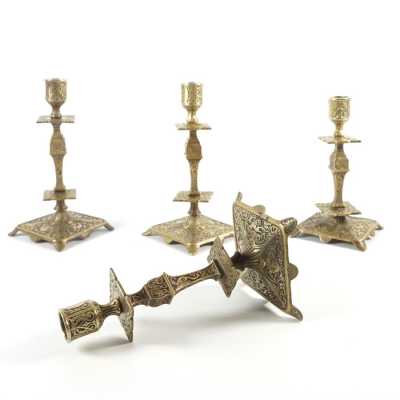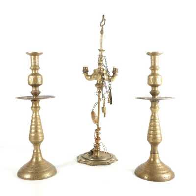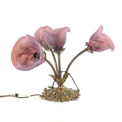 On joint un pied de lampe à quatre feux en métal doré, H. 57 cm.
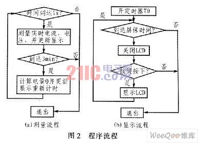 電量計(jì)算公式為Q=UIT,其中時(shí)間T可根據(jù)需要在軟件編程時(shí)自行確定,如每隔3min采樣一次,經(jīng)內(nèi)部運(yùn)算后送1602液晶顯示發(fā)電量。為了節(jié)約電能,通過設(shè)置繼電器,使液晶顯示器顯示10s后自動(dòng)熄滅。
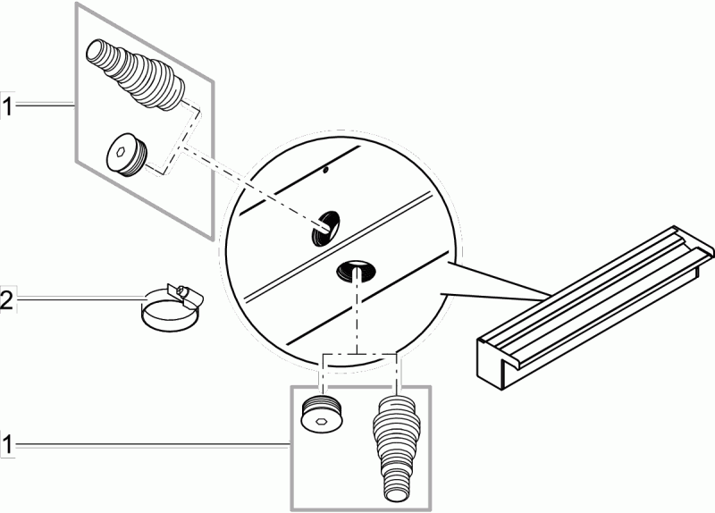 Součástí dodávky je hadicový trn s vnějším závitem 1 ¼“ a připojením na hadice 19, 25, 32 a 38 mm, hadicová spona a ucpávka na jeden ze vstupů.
* * *
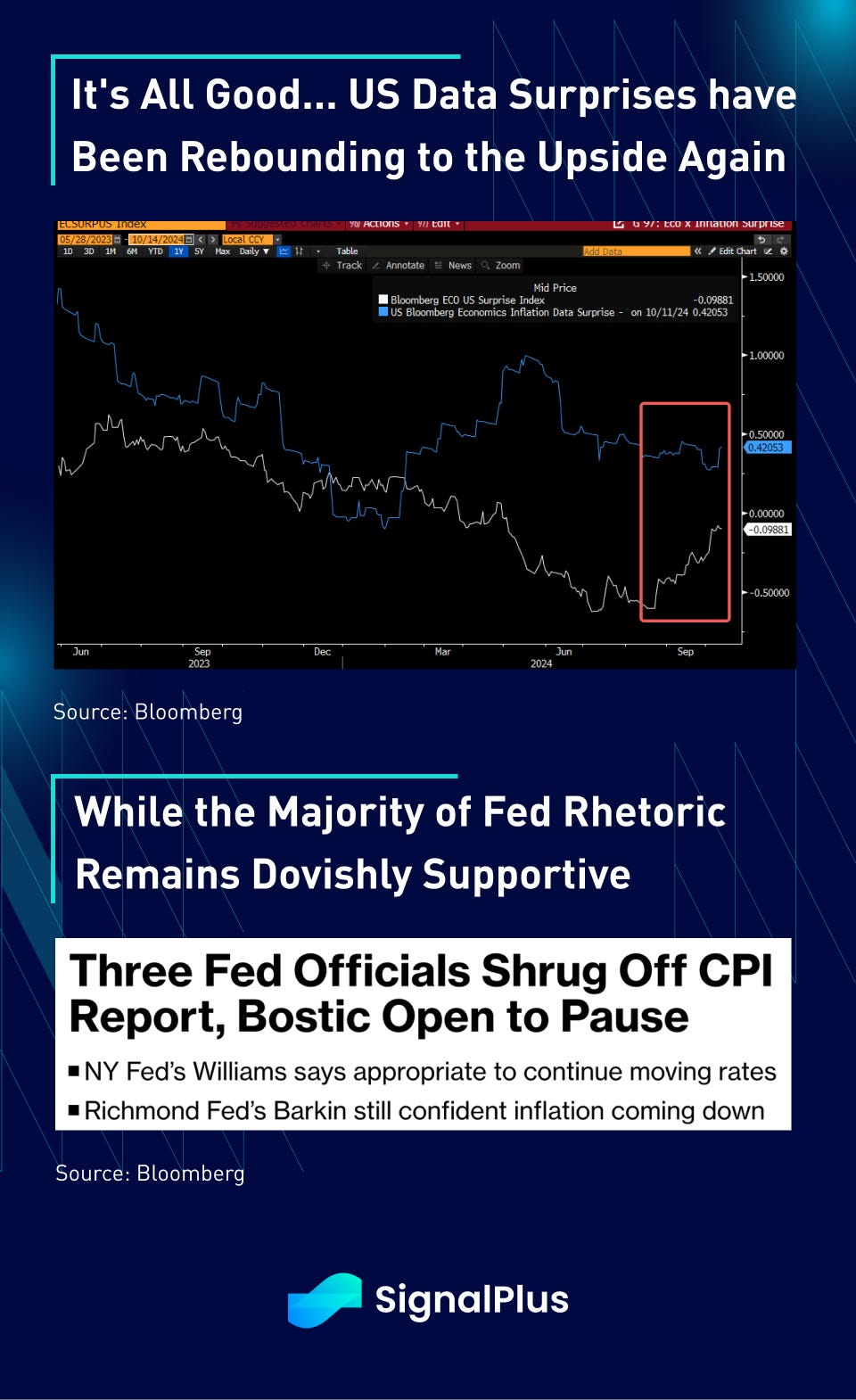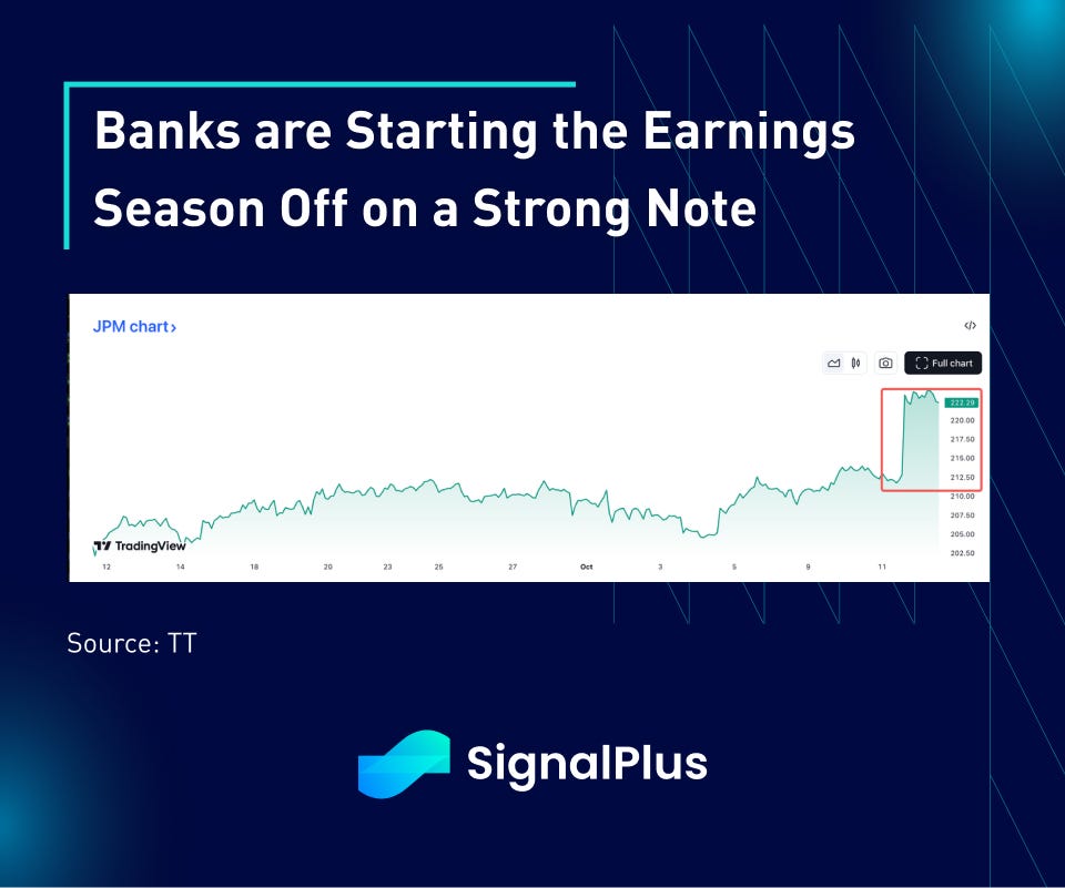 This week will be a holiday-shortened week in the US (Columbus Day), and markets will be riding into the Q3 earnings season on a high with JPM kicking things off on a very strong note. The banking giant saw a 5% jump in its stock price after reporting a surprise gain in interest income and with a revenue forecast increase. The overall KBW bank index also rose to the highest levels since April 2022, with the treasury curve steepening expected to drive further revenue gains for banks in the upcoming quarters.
---
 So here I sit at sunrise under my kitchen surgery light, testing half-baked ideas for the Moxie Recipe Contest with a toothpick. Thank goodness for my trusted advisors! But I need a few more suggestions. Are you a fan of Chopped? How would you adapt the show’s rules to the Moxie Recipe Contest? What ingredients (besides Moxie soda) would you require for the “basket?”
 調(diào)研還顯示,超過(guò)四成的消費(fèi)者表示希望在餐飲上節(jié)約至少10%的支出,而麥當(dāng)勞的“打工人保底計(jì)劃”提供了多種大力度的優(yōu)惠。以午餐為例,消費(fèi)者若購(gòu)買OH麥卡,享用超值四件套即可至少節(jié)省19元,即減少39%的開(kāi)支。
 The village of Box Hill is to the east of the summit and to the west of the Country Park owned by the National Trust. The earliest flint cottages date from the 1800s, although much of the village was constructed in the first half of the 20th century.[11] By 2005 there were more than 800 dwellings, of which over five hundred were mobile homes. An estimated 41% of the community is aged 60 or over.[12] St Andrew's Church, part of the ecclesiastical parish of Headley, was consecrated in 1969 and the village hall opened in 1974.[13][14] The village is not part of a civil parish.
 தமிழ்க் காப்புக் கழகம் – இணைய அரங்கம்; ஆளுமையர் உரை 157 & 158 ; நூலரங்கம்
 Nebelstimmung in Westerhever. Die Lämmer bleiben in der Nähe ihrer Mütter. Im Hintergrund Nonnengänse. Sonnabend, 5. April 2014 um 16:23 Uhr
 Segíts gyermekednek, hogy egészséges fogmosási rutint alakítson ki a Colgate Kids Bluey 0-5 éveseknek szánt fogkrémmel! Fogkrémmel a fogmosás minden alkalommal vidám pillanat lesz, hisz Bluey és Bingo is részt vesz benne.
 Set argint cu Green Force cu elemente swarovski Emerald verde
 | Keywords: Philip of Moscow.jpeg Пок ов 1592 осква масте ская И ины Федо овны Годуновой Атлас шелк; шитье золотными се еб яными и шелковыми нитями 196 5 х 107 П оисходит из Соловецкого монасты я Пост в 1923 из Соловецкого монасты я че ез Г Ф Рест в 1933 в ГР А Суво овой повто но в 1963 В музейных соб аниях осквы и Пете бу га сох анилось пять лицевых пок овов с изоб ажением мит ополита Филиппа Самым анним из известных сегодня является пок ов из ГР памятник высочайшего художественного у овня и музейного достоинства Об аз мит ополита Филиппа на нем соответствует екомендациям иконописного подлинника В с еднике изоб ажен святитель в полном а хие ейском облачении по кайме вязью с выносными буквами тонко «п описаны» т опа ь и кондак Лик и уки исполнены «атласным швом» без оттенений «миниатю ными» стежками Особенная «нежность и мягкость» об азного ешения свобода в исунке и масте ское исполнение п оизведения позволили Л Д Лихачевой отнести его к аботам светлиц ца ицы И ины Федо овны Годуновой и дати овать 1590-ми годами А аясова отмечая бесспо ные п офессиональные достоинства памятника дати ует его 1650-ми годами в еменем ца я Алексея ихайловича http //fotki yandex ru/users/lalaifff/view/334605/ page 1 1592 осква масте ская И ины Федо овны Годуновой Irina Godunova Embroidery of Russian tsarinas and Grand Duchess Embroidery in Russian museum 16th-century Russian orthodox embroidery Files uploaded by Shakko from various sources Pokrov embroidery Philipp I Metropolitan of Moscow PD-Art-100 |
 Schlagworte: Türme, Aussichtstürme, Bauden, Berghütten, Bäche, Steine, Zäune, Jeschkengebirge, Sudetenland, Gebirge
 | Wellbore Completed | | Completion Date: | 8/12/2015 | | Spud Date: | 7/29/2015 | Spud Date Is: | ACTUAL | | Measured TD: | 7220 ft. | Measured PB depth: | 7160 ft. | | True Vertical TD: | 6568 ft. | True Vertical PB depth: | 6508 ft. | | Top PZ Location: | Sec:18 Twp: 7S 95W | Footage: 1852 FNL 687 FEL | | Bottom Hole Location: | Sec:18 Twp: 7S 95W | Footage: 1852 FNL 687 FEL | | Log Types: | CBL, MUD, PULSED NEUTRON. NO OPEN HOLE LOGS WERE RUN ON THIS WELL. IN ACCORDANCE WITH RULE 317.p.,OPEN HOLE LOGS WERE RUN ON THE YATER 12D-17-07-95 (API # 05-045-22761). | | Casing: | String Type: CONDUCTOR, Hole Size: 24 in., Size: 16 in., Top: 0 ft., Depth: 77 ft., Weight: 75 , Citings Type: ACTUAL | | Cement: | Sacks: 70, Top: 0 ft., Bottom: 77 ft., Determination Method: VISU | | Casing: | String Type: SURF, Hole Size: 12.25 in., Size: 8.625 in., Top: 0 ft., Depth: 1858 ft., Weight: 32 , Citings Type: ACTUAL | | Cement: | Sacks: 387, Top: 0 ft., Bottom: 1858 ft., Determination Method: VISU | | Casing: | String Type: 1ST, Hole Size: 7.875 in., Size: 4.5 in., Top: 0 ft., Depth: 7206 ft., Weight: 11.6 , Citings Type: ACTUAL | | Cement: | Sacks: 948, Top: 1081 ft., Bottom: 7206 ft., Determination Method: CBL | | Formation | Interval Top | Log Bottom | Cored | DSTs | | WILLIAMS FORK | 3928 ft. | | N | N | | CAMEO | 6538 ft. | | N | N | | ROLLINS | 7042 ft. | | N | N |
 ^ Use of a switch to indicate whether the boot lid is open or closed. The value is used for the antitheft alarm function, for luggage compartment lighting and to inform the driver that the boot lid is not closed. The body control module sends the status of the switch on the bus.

[What is required]: Referring to the material above, set down exactly the lines between the line with "தமிழ்க் காப்புக் கழகம்" and the line with "Set argint cu", inclusive, and no other lines.

[Solved exercise]:
 தமிழ்க் காப்புக் கழகம் – இணைய அரங்கம்; ஆளுமையர் உரை 157 & 158 ; நூலரங்கம்
 Nebelstimmung in Westerhever. Die Lämmer bleiben in der Nähe ihrer Mütter. Im Hintergrund Nonnengänse. Sonnabend, 5. April 2014 um 16:23 Uhr
 Segíts gyermekednek, hogy egészséges fogmosási rutint alakítson ki a Colgate Kids Bluey 0-5 éveseknek szánt fogkrémmel! Fogkrémmel a fogmosás minden alkalommal vidám pillanat lesz, hisz Bluey és Bingo is részt vesz benne.
 Set argint cu Green Force cu elemente swarovski Emerald verde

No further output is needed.